**The data**
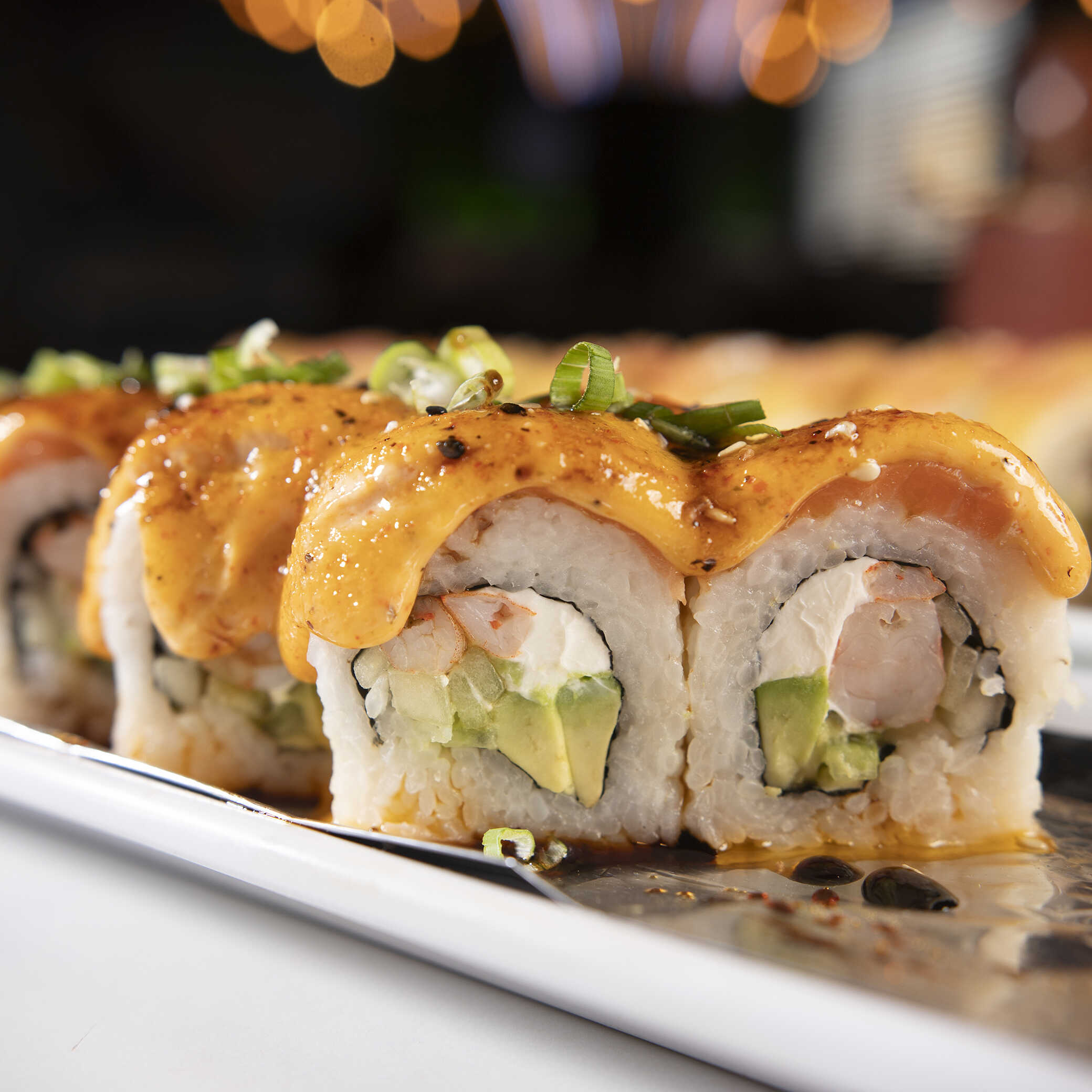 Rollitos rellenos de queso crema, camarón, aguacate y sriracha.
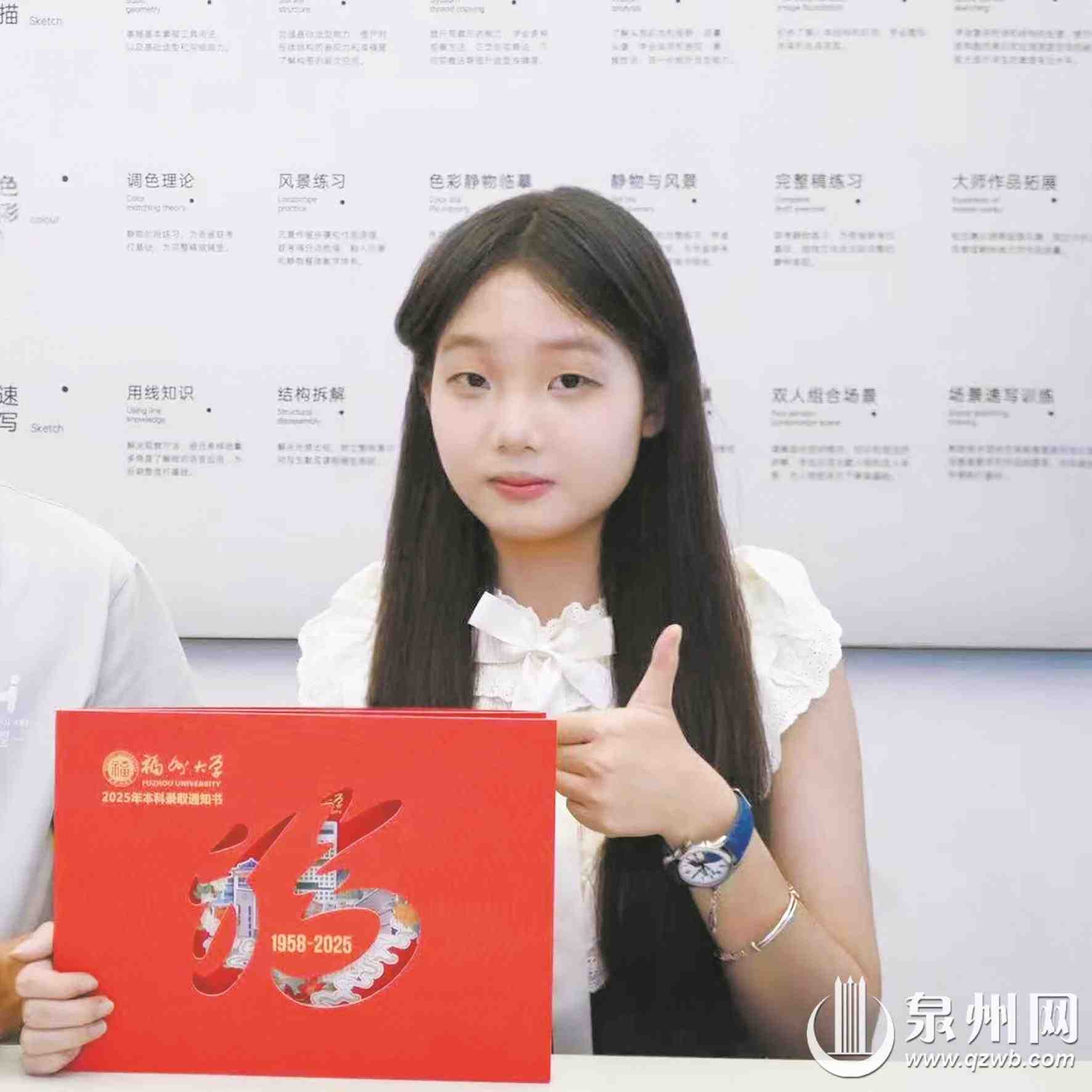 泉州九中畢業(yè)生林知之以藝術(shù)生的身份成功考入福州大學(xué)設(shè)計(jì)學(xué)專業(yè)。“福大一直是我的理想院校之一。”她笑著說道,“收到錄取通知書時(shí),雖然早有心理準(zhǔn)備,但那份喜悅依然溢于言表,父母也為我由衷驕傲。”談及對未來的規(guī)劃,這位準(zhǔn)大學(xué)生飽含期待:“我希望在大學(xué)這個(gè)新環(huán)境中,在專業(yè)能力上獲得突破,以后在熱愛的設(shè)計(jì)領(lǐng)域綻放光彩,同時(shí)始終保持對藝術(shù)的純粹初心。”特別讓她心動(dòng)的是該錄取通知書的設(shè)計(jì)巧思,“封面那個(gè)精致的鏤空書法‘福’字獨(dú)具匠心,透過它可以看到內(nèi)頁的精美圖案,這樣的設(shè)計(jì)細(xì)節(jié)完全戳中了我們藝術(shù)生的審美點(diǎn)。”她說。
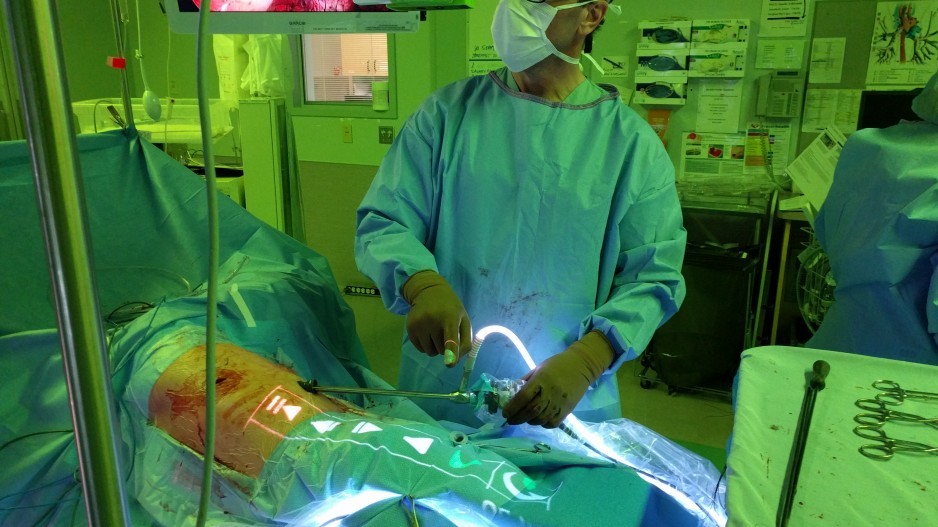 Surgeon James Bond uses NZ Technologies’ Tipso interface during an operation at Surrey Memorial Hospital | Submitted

**Task to complete**
Please copy the data shown above, line by line and exactly, omitting the images.

**Solution for this problem**
 Rollitos rellenos de queso crema, camarón, aguacate y sriracha.
 泉州九中畢業(yè)生林知之以藝術(shù)生的身份成功考入福州大學(xué)設(shè)計(jì)學(xué)專業(yè)。“福大一直是我的理想院校之一。”她笑著說道,“收到錄取通知書時(shí),雖然早有心理準(zhǔn)備,但那份喜悅依然溢于言表,父母也為我由衷驕傲。”談及對未來的規(guī)劃,這位準(zhǔn)大學(xué)生飽含期待:“我希望在大學(xué)這個(gè)新環(huán)境中,在專業(yè)能力上獲得突破,以后在熱愛的設(shè)計(jì)領(lǐng)域綻放光彩,同時(shí)始終保持對藝術(shù)的純粹初心。”特別讓她心動(dòng)的是該錄取通知書的設(shè)計(jì)巧思,“封面那個(gè)精致的鏤空書法‘福’字獨(dú)具匠心,透過它可以看到內(nèi)頁的精美圖案,這樣的設(shè)計(jì)細(xì)節(jié)完全戳中了我們藝術(shù)生的審美點(diǎn)。”她說。
 Surgeon James Bond uses NZ Technologies’ Tipso interface during an operation at Surrey Memorial Hospital | Submitted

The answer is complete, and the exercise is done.